- **WHAT IS REQUIRED**
Some entries follow. Reproduce exactly the lines starting at the one with "Sekarang, mari kita" and stopping after the one with "餐厅是圆桌布局,利用落地窗入".

- **RECORDED INFORMATION**

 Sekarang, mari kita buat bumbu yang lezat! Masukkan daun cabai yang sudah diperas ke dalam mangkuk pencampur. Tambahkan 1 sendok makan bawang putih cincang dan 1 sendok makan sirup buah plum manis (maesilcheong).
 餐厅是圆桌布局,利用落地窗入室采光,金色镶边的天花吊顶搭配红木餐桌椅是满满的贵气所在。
* * *
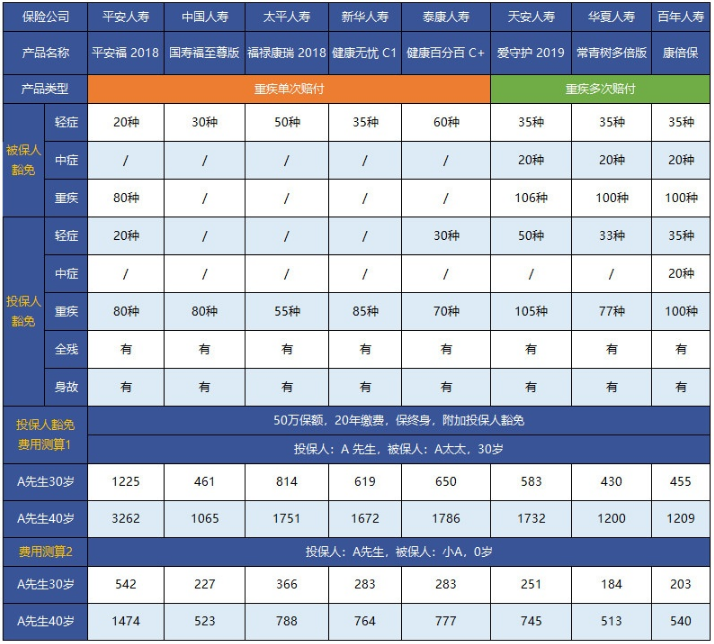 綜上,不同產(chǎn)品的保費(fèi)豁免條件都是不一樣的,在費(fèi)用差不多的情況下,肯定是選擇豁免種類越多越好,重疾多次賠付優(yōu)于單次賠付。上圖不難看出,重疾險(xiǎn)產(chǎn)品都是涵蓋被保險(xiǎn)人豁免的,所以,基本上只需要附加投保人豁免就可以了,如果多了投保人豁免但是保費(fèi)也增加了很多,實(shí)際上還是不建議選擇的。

- **RESULT BELOW**
 Sekarang, mari kita buat bumbu yang lezat! Masukkan daun cabai yang sudah diperas ke dalam mangkuk pencampur. Tambahkan 1 sendok makan bawang putih cincang dan 1 sendok makan sirup buah plum manis (maesilcheong).
 餐厅是圆桌布局,利用落地窗入室采光,金色镶边的天花吊顶搭配红木餐桌椅是满满的贵气所在。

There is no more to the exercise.